→ Records for the task
+---+
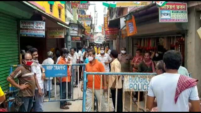 মন্দির না খোলা হলেও ভক্তদের প্রবেশের অনুমতি দিক প্রশাসন।কিছুটা হলেও আয়ের পথ খুলবে বলে দাবি মন্দিরের প্রবেশ পথ এর ব্যবসায়ী দের।এই দাবিতে এদিন পুলিশি গাডওয়াল সরানো এবং যাত্রী দের প্রবেশে নিষেধাজ্ঞা তুলতে মন্দির সংলগ্ন এলাকায় বিক্ষোভ দেখান বেশ কয়েক জন মন্দিরের প্রবেশ পথ এর ব্যবসায়ী এবং পথ প্রবেশকারীরা ।তাদের দাবি মন্দির বন্ধ থাকলেও ভক্ত প্রবেশে প্রশাসনিক নিষেধাজ্ঞা তুলে দেওয়া হোক মন্দির সংলগ্ন এলকায়।খবর পেয়ে ঘটনা স্থুলে যায় তারকেশ্বর থানার পুলিশ এবং তারকেশ্বর পৌর প্রসাশক শ্বপন সামন্ত।সমস্ত দিক আলোচনা করে তাদের দাবি খতিয়ে দেখে ব্যবস্থা নেওয়ার আশ্বাস দেয় পুলিশ প্রশাসন।
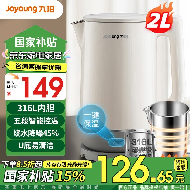 九阳电热水壶W111大容量1.7L京东58.66元包邮到手
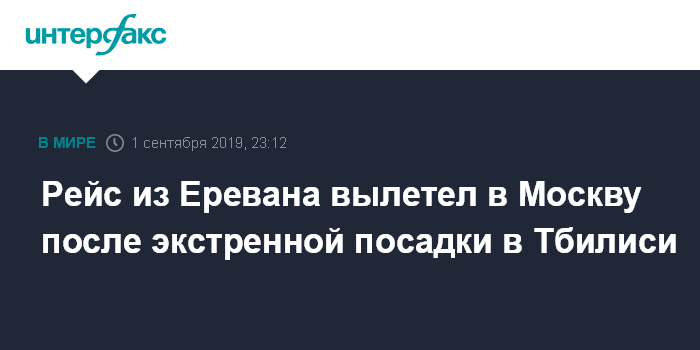 Москва. 1 сентября. INTERFAX.RU - Самолет авиакомпании "Армения" Боинг-737, совершавший рейс Ереван-Москва, который вечером в воскресенье сделал экстренную посадку в аэропорту Тбилиси, уже вылетел в Москву, сообщили "Интерфаксу" в международном аэропорту грузинской столицы.
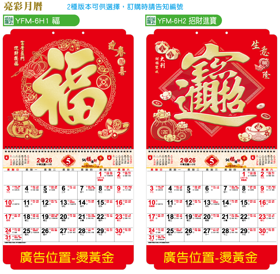 多樣設計:統義實業有限公司提供YFM-6H2招財進寶【統義】2026年6K亮彩福字月曆【月曆工廠】【掛式月曆】【出清品工廠】【燙金月曆】【超低價月曆】【過年月曆】【客製化月曆】【3000免運】的多樣化設計
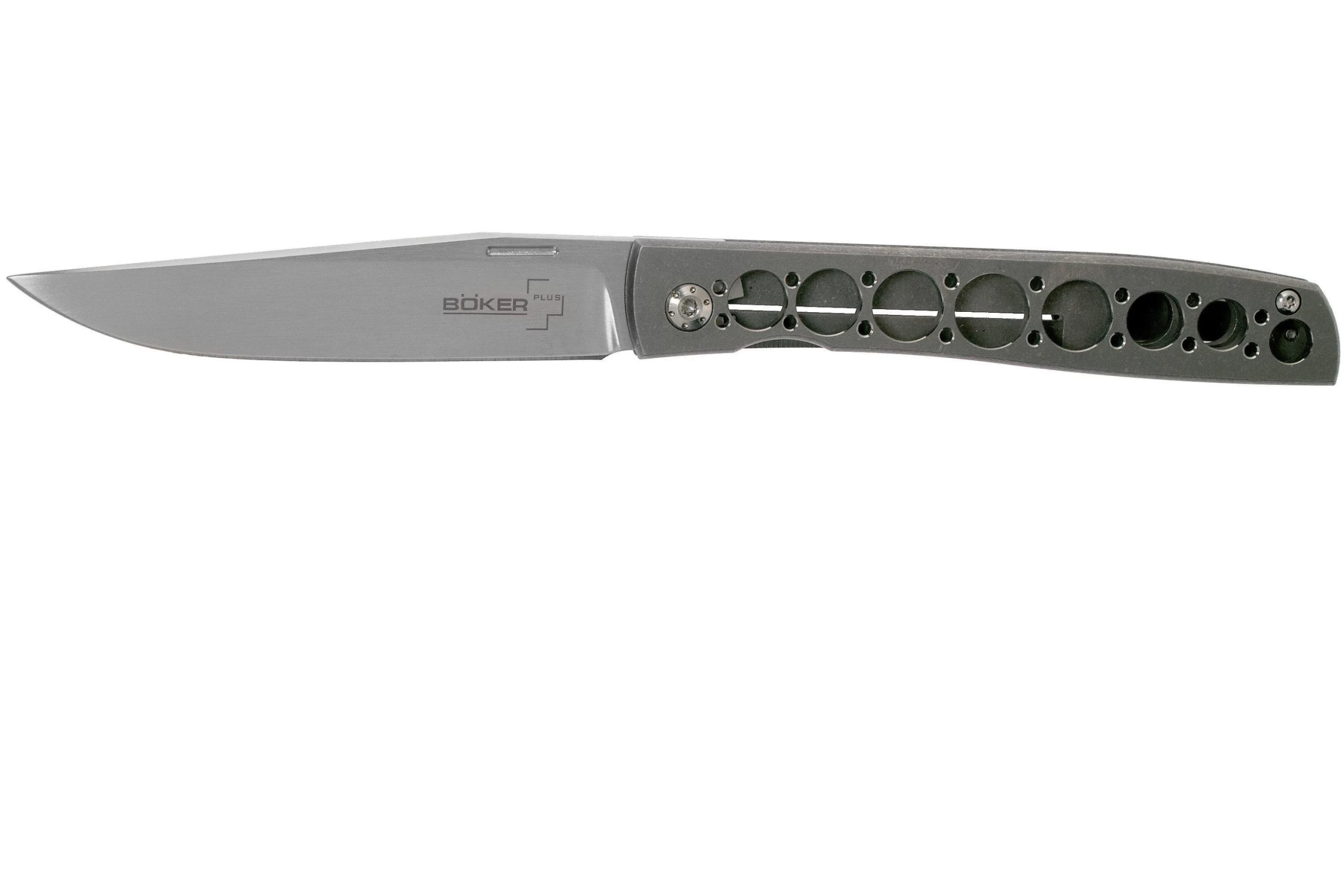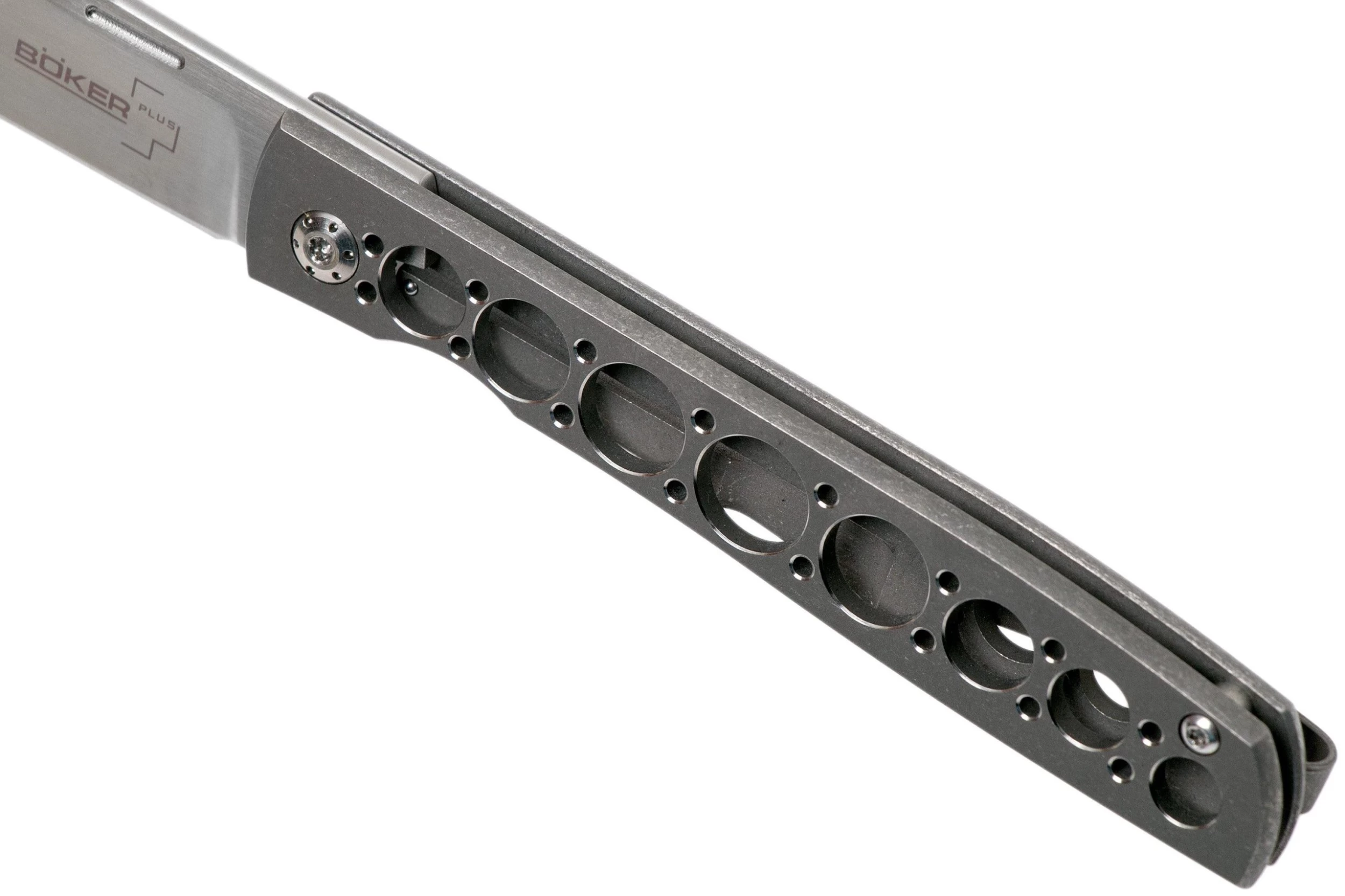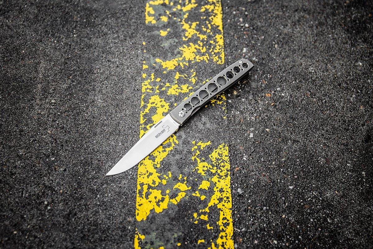 La Böker Plus Urban Trapper 42 es una navaja muy fina y elegante, diseñada por Brad Zinker. Debido a su pequeño tamaño y a la estructura de titanio, este cuchillo no pesa casi nada. En comparación con las otras versiones de la Urban Trapper, esta navaja no se puede abrir con una sola mano. Cuando se abre, la hoja queda bloqueada por el framelock.
+---+
→ Your instructions
Could you transcribe the material above exactly, keeping every picture out?

→ Result
 মন্দির না খোলা হলেও ভক্তদের প্রবেশের অনুমতি দিক প্রশাসন।কিছুটা হলেও আয়ের পথ খুলবে বলে দাবি মন্দিরের প্রবেশ পথ এর ব্যবসায়ী দের।এই দাবিতে এদিন পুলিশি গাডওয়াল সরানো এবং যাত্রী দের প্রবেশে নিষেধাজ্ঞা তুলতে মন্দির সংলগ্ন এলাকায় বিক্ষোভ দেখান বেশ কয়েক জন মন্দিরের প্রবেশ পথ এর ব্যবসায়ী এবং পথ প্রবেশকারীরা ।তাদের দাবি মন্দির বন্ধ থাকলেও ভক্ত প্রবেশে প্রশাসনিক নিষেধাজ্ঞা তুলে দেওয়া হোক মন্দির সংলগ্ন এলকায়।খবর পেয়ে ঘটনা স্থুলে যায় তারকেশ্বর থানার পুলিশ এবং তারকেশ্বর পৌর প্রসাশক শ্বপন সামন্ত।সমস্ত দিক আলোচনা করে তাদের দাবি খতিয়ে দেখে ব্যবস্থা নেওয়ার আশ্বাস দেয় পুলিশ প্রশাসন।
 九阳电热水壶W111大容量1.7L京东58.66元包邮到手
 Москва. 1 сентября. INTERFAX.RU - Самолет авиакомпании "Армения" Боинг-737, совершавший рейс Ереван-Москва, который вечером в воскресенье сделал экстренную посадку в аэропорту Тбилиси, уже вылетел в Москву, сообщили "Интерфаксу" в международном аэропорту грузинской столицы.
 多樣設計:統義實業有限公司提供YFM-6H2招財進寶【統義】2026年6K亮彩福字月曆【月曆工廠】【掛式月曆】【出清品工廠】【燙金月曆】【超低價月曆】【過年月曆】【客製化月曆】【3000免運】的多樣化設計
 La Böker Plus Urban Trapper 42 es una navaja muy fina y elegante, diseñada por Brad Zinker. Debido a su pequeño tamaño y a la estructura de titanio, este cuchillo no pesa casi nada. En comparación con las otras versiones de la Urban Trapper, esta navaja no se puede abrir con una sola mano. Cuando se abre, la hoja queda bloqueada por el framelock.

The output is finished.